- Task description:
Would you return exactly the lines below from the line with "以上图为例,只需要上传一段音" through the line with "moveX = e.touches[0].clientX;//计算手指起始点的X坐标与当前触摸点的X坐标的差值var", both included, and nothing else, leaving out the pictures?

- Supplied records:
§ §

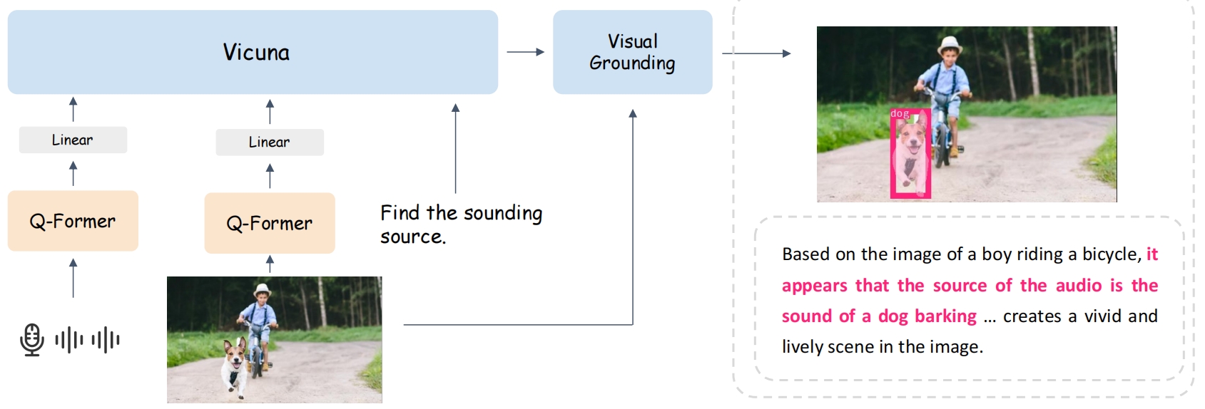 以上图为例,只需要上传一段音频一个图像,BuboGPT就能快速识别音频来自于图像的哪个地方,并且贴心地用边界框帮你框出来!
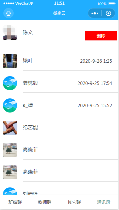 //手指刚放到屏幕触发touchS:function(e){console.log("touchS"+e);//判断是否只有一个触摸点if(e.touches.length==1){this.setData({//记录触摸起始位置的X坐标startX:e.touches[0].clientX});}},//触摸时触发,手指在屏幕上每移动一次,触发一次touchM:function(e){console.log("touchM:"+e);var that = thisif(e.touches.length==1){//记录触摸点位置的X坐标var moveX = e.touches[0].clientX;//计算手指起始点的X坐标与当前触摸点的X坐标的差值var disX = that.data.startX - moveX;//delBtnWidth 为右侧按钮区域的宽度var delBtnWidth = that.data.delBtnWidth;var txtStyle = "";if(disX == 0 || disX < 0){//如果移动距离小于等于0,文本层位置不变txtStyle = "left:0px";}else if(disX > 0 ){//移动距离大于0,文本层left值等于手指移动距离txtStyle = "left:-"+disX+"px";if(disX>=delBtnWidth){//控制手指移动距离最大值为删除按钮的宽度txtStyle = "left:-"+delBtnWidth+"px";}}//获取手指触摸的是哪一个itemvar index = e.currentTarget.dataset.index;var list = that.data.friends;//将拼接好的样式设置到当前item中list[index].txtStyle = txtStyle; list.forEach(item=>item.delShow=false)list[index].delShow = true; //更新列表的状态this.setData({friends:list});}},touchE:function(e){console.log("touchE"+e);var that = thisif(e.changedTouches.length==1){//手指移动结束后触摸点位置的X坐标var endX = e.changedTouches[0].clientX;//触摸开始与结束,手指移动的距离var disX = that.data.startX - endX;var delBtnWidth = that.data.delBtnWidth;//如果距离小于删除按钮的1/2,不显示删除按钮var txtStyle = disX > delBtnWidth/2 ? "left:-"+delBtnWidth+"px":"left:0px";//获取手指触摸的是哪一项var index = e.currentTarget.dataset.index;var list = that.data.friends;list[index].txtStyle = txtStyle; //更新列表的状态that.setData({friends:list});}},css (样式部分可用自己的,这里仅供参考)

§ §

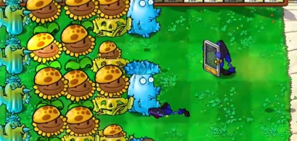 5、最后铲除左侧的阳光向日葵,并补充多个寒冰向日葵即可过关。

§ §

- Exercise answer:
 以上图为例,只需要上传一段音频一个图像,BuboGPT就能快速识别音频来自于图像的哪个地方,并且贴心地用边界框帮你框出来!
 //手指刚放到屏幕触发touchS:function(e){console.log("touchS"+e);//判断是否只有一个触摸点if(e.touches.length==1){this.setData({//记录触摸起始位置的X坐标startX:e.touches[0].clientX});}},//触摸时触发,手指在屏幕上每移动一次,触发一次touchM:function(e){console.log("touchM:"+e);var that = thisif(e.touches.length==1){//记录触摸点位置的X坐标var moveX = e.touches[0].clientX;//计算手指起始点的X坐标与当前触摸点的X坐标的差值var disX = that.data.startX - moveX;//delBtnWidth 为右侧按钮区域的宽度var delBtnWidth = that.data.delBtnWidth;var txtStyle = "";if(disX == 0 || disX < 0){//如果移动距离小于等于0,文本层位置不变txtStyle = "left:0px";}else if(disX > 0 ){//移动距离大于0,文本层left值等于手指移动距离txtStyle = "left:-"+disX+"px";if(disX>=delBtnWidth){//控制手指移动距离最大值为删除按钮的宽度txtStyle = "left:-"+delBtnWidth+"px";}}//获取手指触摸的是哪一个itemvar index = e.currentTarget.dataset.index;var list = that.data.friends;//将拼接好的样式设置到当前item中list[index].txtStyle = txtStyle; list.forEach(item=>item.delShow=false)list[index].delShow = true; //更新列表的状态this.setData({friends:list});}},touchE:function(e){console.log("touchE"+e);var that = thisif(e.changedTouches.length==1){//手指移动结束后触摸点位置的X坐标var endX = e.changedTouches[0].clientX;//触摸开始与结束,手指移动的距离var disX = that.data.startX - endX;var delBtnWidth = that.data.delBtnWidth;//如果距离小于删除按钮的1/2,不显示删除按钮var txtStyle = disX > delBtnWidth/2 ? "left:-"+delBtnWidth+"px":"left:0px";//获取手指触摸的是哪一项var index = e.currentTarget.dataset.index;var list = that.data.friends;list[index].txtStyle = txtStyle; //更新列表的状态that.setData({friends:list});}},css (样式部分可用自己的,这里仅供参考)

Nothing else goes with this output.